Swimming in an Ocean of Love

Most of us grew up thinking Christianity was about following Jesus – being good, following rules, trying our best to live like he did. But here, Jesus reveals something deeper. He's inviting us into the family circle, into the very heart of divine love itself.

Swimming in an Ocean of Love
Photo by takahiro taguchi / Unsplash

I read an account of a near-death experience several years ago. As this man told his story, he said he had the sensation of "swimming in an ocean of love." That's what Jesus must be saying in John's Gospel this week, when he prays that we will be "in" the divine life he shares with the Father.

Seventh Sunday of Easter: John 17:20-26

Picture this: It's late at night, and Jesus knows his time is running out. In just hours, he'll be arrested, tried, and crucified. But instead of focusing on his own fear or pain, he's praying for people he's never even met – including you and me, thousands of years later.

"I ask not only on behalf of these," he says, "but also on behalf of those who will believe in me through their word."

That's us. In his final hours, we're on his mind.
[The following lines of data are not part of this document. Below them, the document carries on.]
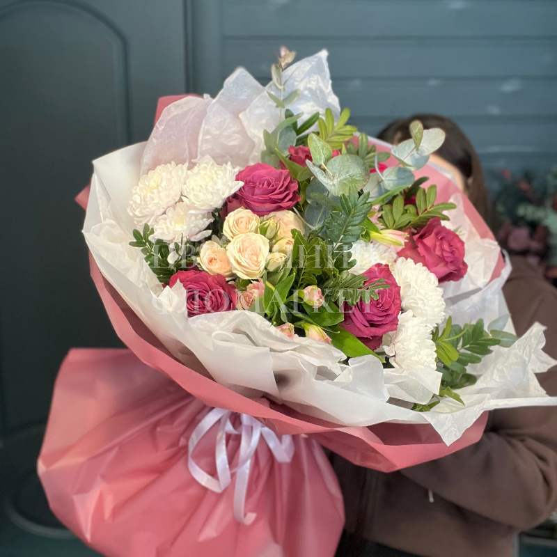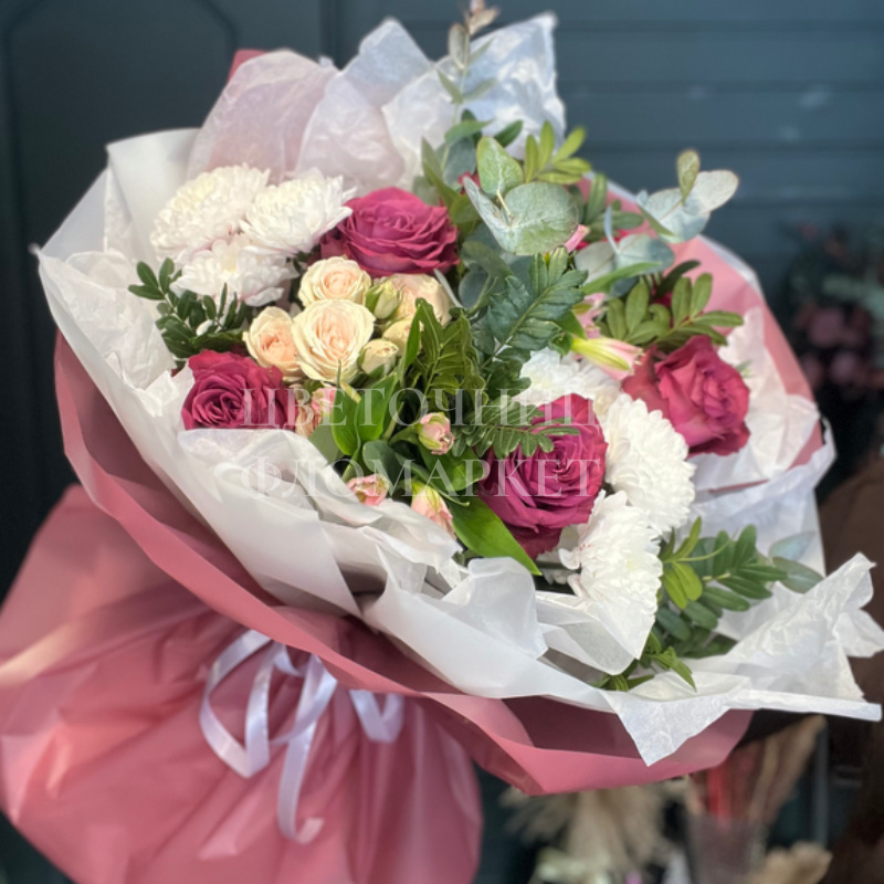 Букет из роз и гвоздик, элегантно упакованный в розовую бумагу с белыми акцентами. Нежные оттенки белых и кремовых цветов в сочетании с яркими малиновыми розами создают романтичный и трогательный образ. Этот букет станет прекрасным подарком для любимой или близкой женщины.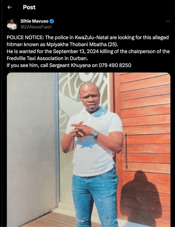 KwaZulu-Natal police are urgently seeking the public’s assistance in locating Mpiyakhe Thobani Mbatha (25), a suspected hitman wanted for the murder of Mphilisi Ngubane, the chairperson of the Fredville Taxi Association. Mbatha is also accused of attacking Ngubane’s twin brother in the same ambush.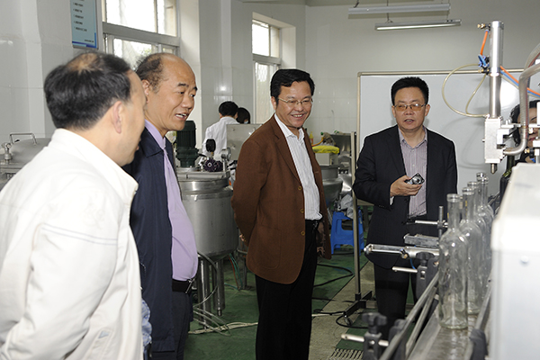 在劉建林等的陪同下,何寧一行參觀了我校校園、圖書館、生物醫(yī)藥與食品工程學(xué)院實驗室等處。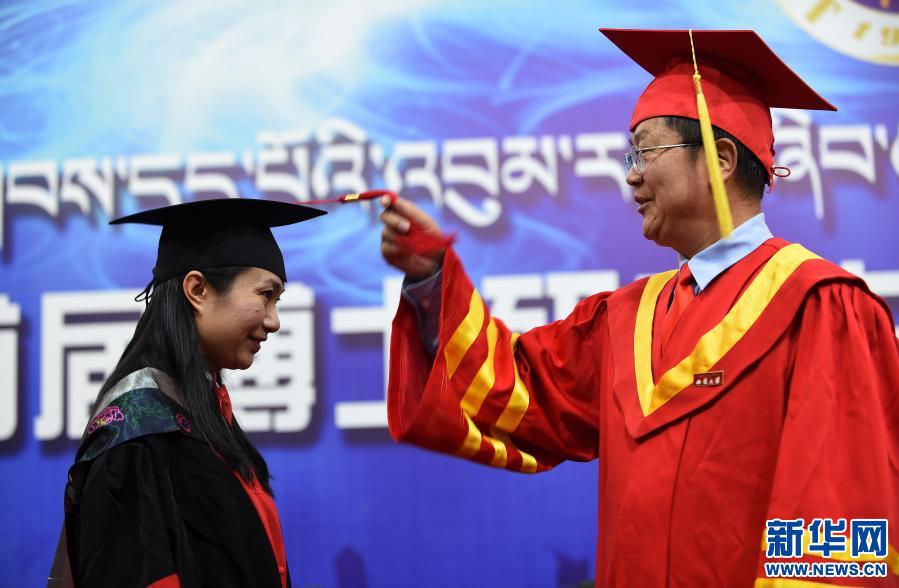 2017年11月10日,西藏大學(xué)舉行首屆博士研究生畢業(yè)典禮,向4名畢業(yè)生授予博士學(xué)位。圖為西藏大學(xué)校長紀建洲給博士畢業(yè)生張慧撥流蘇。新華社記者 覺果 攝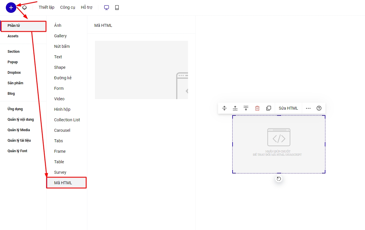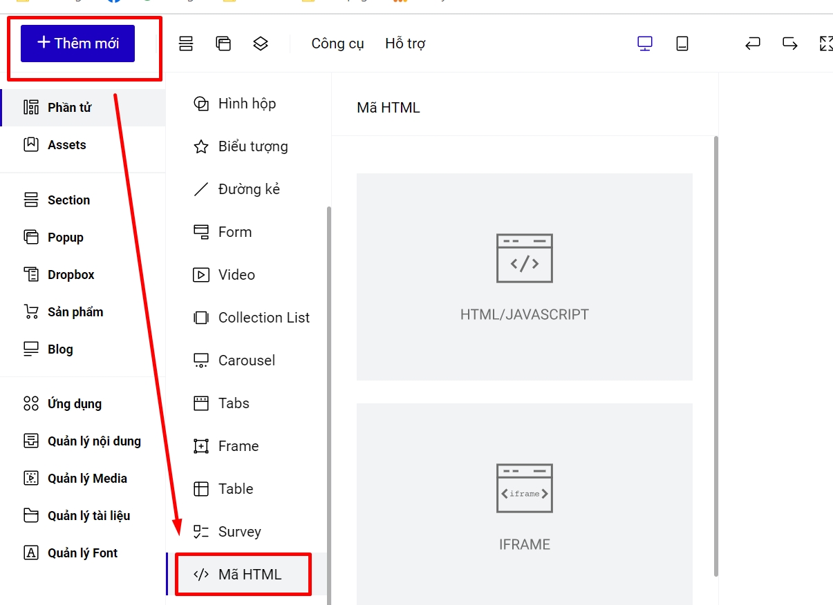 Hoặc bạn vào mục Thêm mới--> Phần tử--> Mã HTML.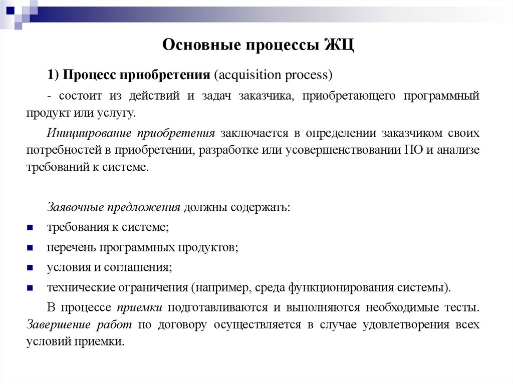 1) Процесс приобретения (acquisition process)- состоит из действий и задач заказчика, приобретающего программный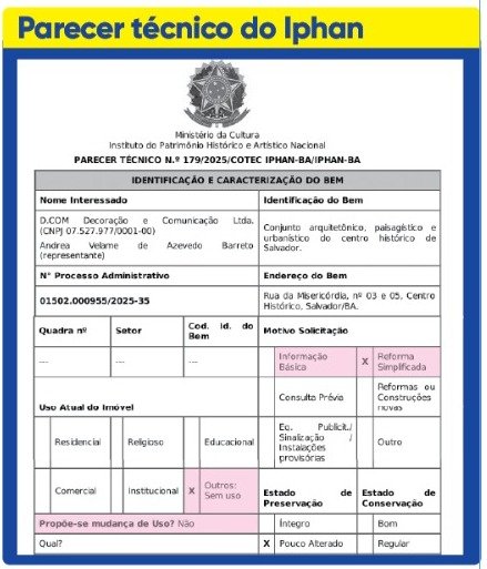 No trecho do parecer onde estão descritas a identificação e a caracterização, há dois tópicos que requerem maior atenção do leitor e podem ser vistos na reprodução do documento que ilustra esta página. No primeiro, a requerente, ou seja, a idealizadora do rooftop onde está instalado o novo restaurante de alto padrão do Grupo Origem, informa que os prédios históricos que integram o Casario da Misericórdia estavam sem uso na data da solicitação ao Iphan. No segundo, Andrea Velame é instada a responder se existe proposta de mudança do uso dos imóveis, e ela afirma que não. A realidade, contudo, prova o contrário.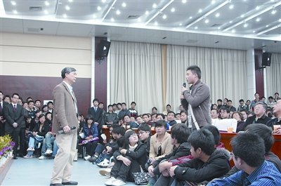 據(jù)了解,這場(chǎng)見面會(huì)并未對(duì)外界媒體公開,僅在校園BBS上發(fā)了個(gè)消息。晚7時(shí)30分,記者作為旁觀者坐到該校經(jīng)濟(jì)學(xué)院報(bào)告廳內(nèi),無(wú)意窺見了一場(chǎng)有意思的學(xué)生們所稱的“培根叔見面會(huì)”。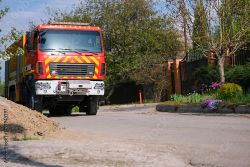Emergency vehicle ready for firefighting operations on a clear sunny day.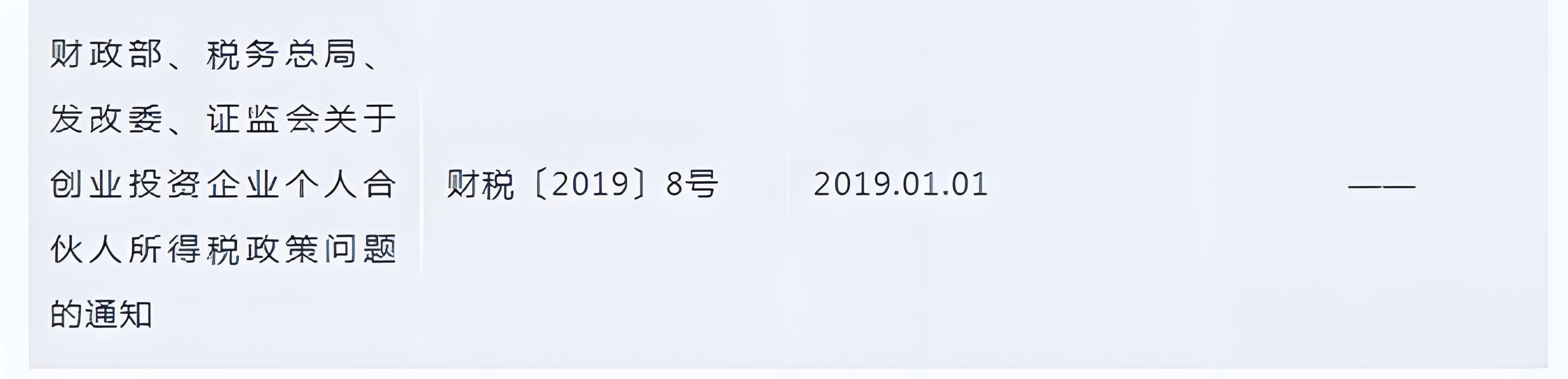 ②如果合伙企业备案为创投企业的,可选择〔2019〕8号文件的单一投资基金核算按照“按股权转让和股息红利所得20%缴纳个人所得税”。具体内容请看如下介绍。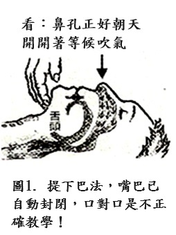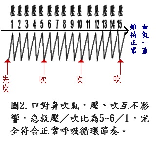 第4招 馬上輕提下巴口對鼻用力吹氣(這是快速連續動作),並連續壓胸。此等同有咳嗽〝魔術〞效果。口對鼻吹氣是全世界教科書正確、最簡單(容易學習永遠記憶及執行)、衛生(吹完完全無感覺)、自然通道、暢通無阻、高效率的吹氣法,任何反對者都是不對!人類是用鼻子呼吸,吹氣一定是吹鼻子。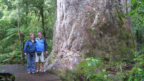Bild: Neben dem 7.-grössten Kauri Baum(stamm), dem Yakas, sehen wir schon ziemlich klein aus… Auf diesem Bild ist das Ausmass dieser Bäume einigermassen zu erahnen.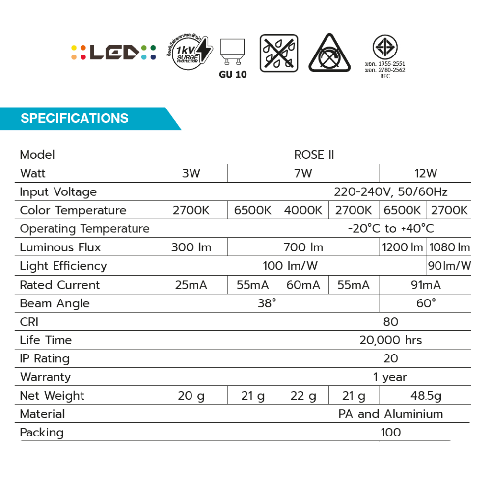 BEC Rose II หลอดไฟ Led MR16 GU10 3W 7W 220V 2700K/6500K รวมแวท ออกใบกำกับภาษีได้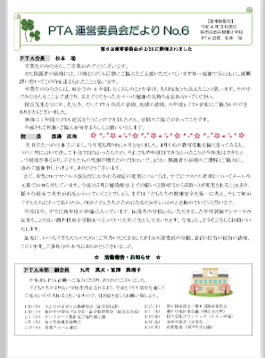 この一年間、PTA活動にご理解とご協力をいただき、本当にありがとうございました!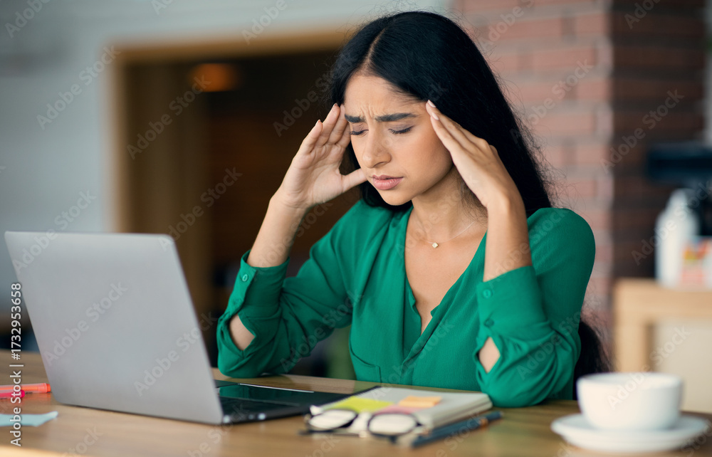 A young woman wearing a green blouse expresses frustration as she works on her laptop inside a cozy coffee shop. She clutches her head as she navigates through her tasks, appearing overwhelmed.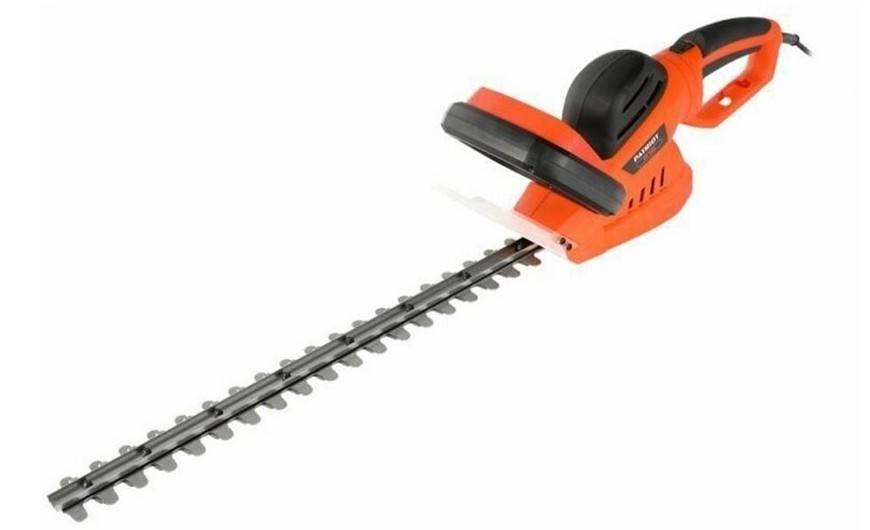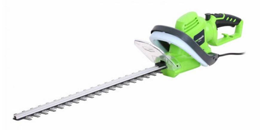 Мощный электрический кусторез, рассчитанный на обрезку веток толщиной до 35 мм. Длина двустороннего ножа в 50 см позволяет осуществлять ровную стрижку зелёной изгороди. Кусторез оснащён дополнительной ручкой, позволяющей более уверенно управлять инструментом. Две кнопки включения защищают от непредвиденного запуска.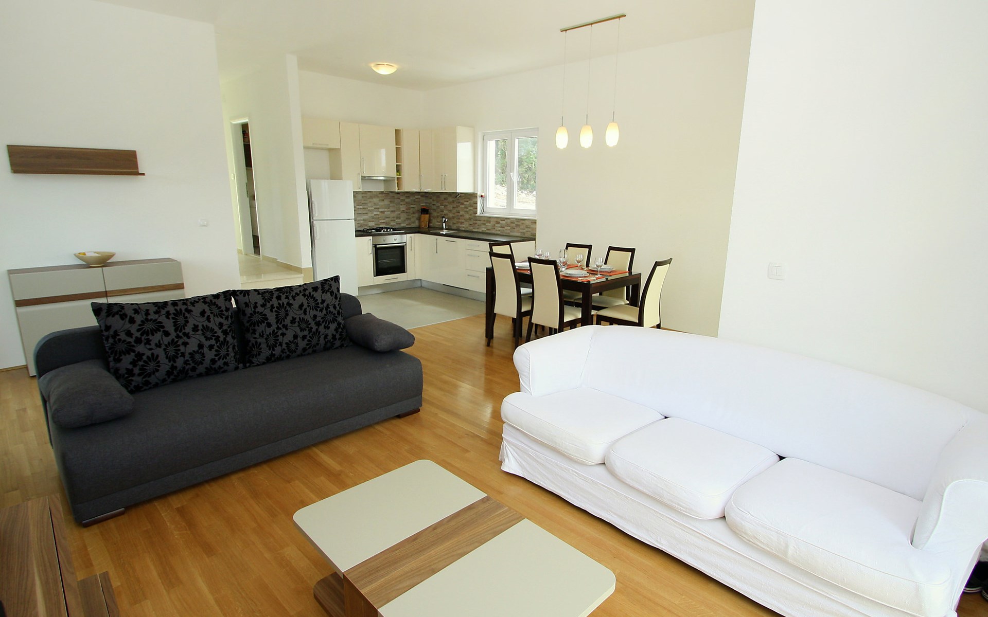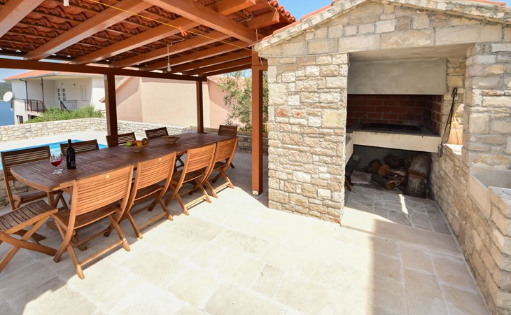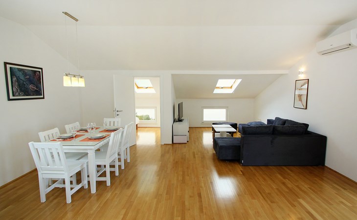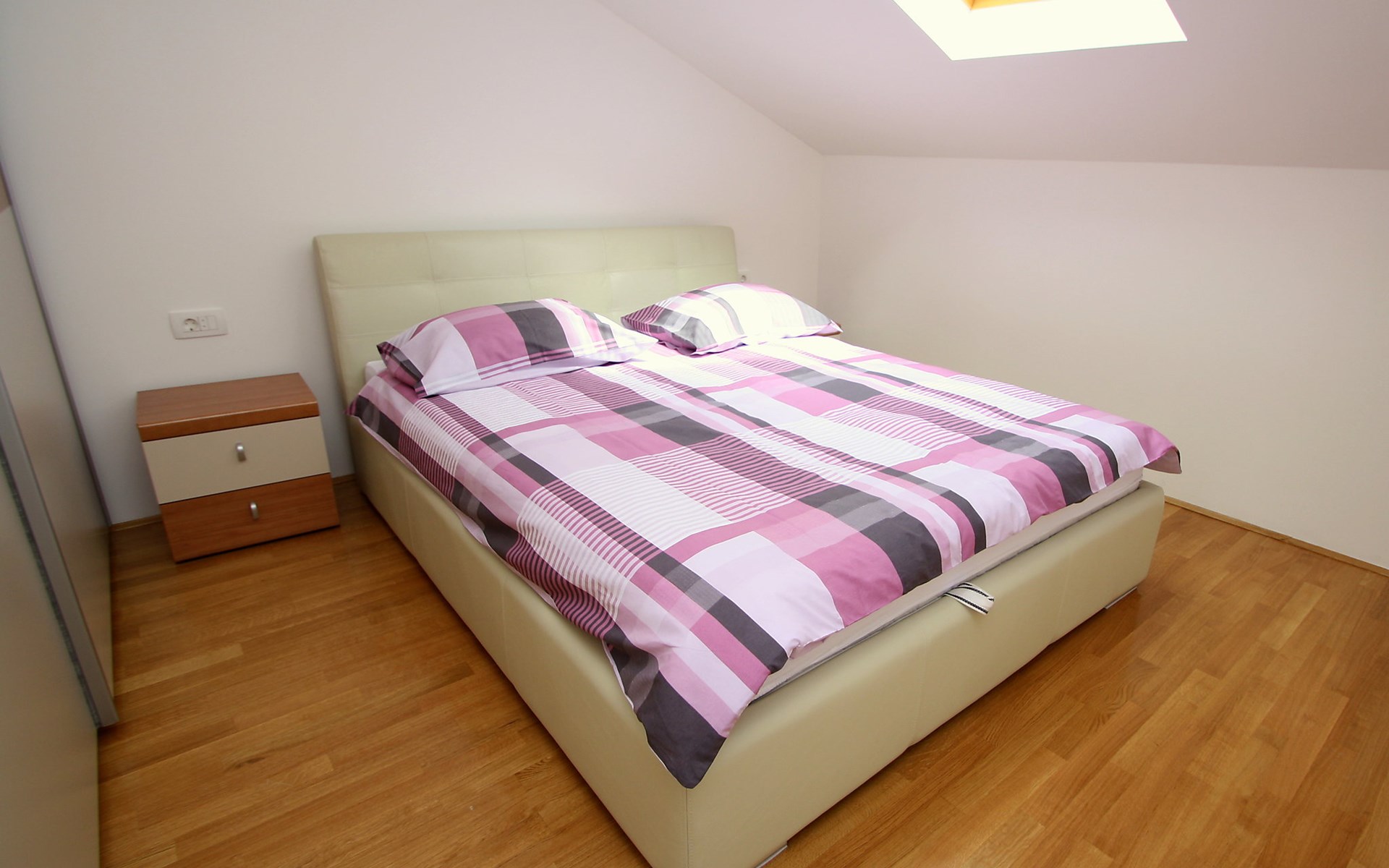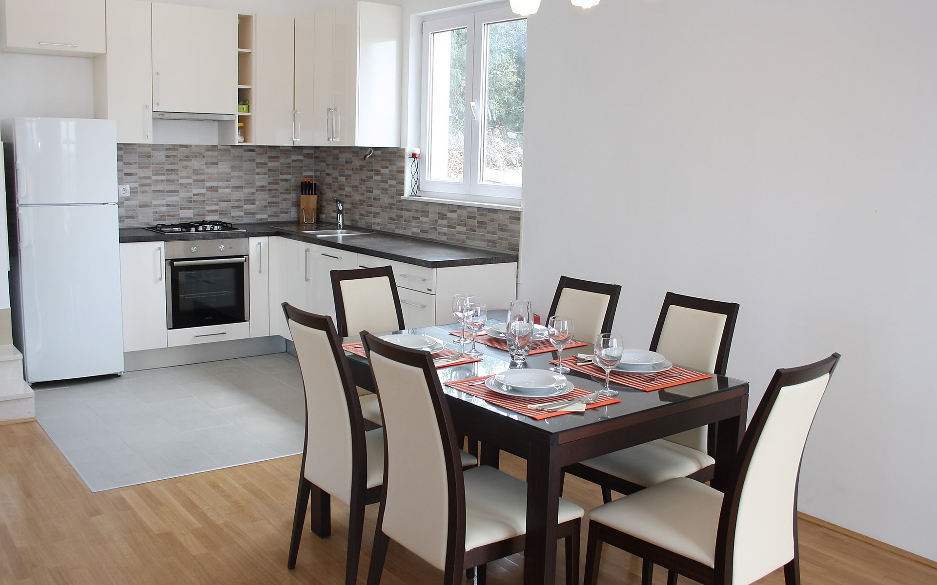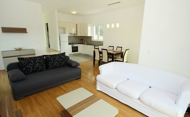 3-family house "Gabriela", 3 storeys. In a quiet, sunny, elevated position, 200 m from the sea, 200 m from the beach. Private: swimming pool angular (9 x 3 m, 29 m2, depth 150 cm, seasonal availability: 01.May. - 01.Oct.) with internal staircase. Outdoor shower, garden furniture, barbecue. In the house: internet access, washing machine. Parking at the house on the premises. Shop 5 km, restaurant 250 m, bus stop 550 m, pebble beach 500 m, rocky beach 200 m. Shop 850 m (15.06.-15.09.).

But what he prays for might surprise you. He doesn't ask for our health, wealth, or happiness.

Instead, he prays for something far more radical: that we might experience the same intimate connection he shares with his Father.

"As you, Father, are in me and I am in you, may they also be in us."

Beyond Following to Belonging

Most of us grew up thinking Christianity was about following Jesus – being good, following rules, trying our best to live like he did. But here, Jesus reveals something deeper. He's not just asking us to follow him from a distance. He's inviting us into the family circle, into the very heart of divine love itself.

Think about the closest relationship in your life. Maybe it's with your spouse, your child, or your best friend.

·      You know how sometimes you finish each other's sentences?

·      How their joy becomes your joy, their pain becomes your pain?

·      How you find yourself naturally thinking about what would make them happy, not just what you want?

That's a glimpse of what Jesus is describing, but infinitely deeper. When he talks about being "in" the Father and the Father being "in" him, he's describing a relationship so intimate that boundaries almost disappear – not because individual identity is lost, but because love has become the shared reality.

Love as the Divine Presence

Here's where it gets really beautiful. Jesus doesn't just pray for us to experience this unity – he tells us how it works.

 "I made your name known to them," he says, "so that the love with which you have loved me may be in them, and I in them."

Did you catch that? The love that flows between Jesus and his Father – that same love – can actually live inside us. It's not just something we try to imitate from the outside. It becomes the reality we live from on the inside.

This changes everything about how we understand love.

·      When you forgive someone who hurt you, you're not just being nice – you're participating in divine mercy.

·      When you sacrifice your comfort to help another person, you're not just doing a good deed – you're sharing in the same self-giving love that created the universe.

·      When you look at someone society overlooks and see their dignity, you're seeing with divine eyes.

The Ancient Secret in Modern Life

This isn't just lofty religious poetry. It's describing something our ancestors understood but we've forgotten: that human love and divine love aren't separate categories. They're part of the same reality.

The Jewish tradition Jesus came from already knew this. When Moses told people to love God with all their heart, soul, and strength, and to love their neighbor as themselves, he wasn't giving two separate commands. He was describing one reality with two expressions. You can't fully love God without loving people, and you can't truly love people without touching something sacred.

Early Christians who spoke Greek had philosophical language for this – they called it "participation in divine life." But you don't need fancy theology to experience it.

Every parent who stays up all night with a sick child...every person who chooses kindness over revenge...every act of creativity or wonder – these are moments when the divine presence breaks through ordinary life.

Unity That Changes the World

Jesus prays "that they may be one, as we are one" because he knows something revolutionary: when people genuinely love each other across their differences, something divine becomes visible in the world.

It's not just nice human behavior – it's God's presence breaking into history through human relationships.

This is why authentic community is so powerful and so rare. When people of different backgrounds, personalities, and perspectives choose to care for each other, they're creating space for divine love to be experienced. They become, in a very real sense, the answer to Jesus' prayer.

Living the Prayer

So how do we live this?

Not by trying harder to be mystical, but by paying attention to the love that's already flowing through ordinary moments. The next time you feel genuine compassion, recognize it as divine presence. When you experience wonder at a sunset or deep connection with another person, know that you're touching the source of all love.

Prayer becomes less about asking God for things and more about aligning your heart with divine love. Work becomes ministry. Relationships become sacred. Even suffering can become meaningful when you realize that choosing love in the midst of pain somehow helps heal the world.

Jesus' final prayer wasn't just wishful thinking. It was a declaration of what's already true and an invitation to live from that reality.

We don't have to earn our way into divine love – we're already swimming in it. We just need to open our eyes and dive deeper.

The love that flows between Father and Son – infinite, creative, healing love – is the same love that beats in your heart when you truly care for another person.

That's not just beautiful poetry. That's the secret of the universe, hidden in plain sight, waiting for us to say yes.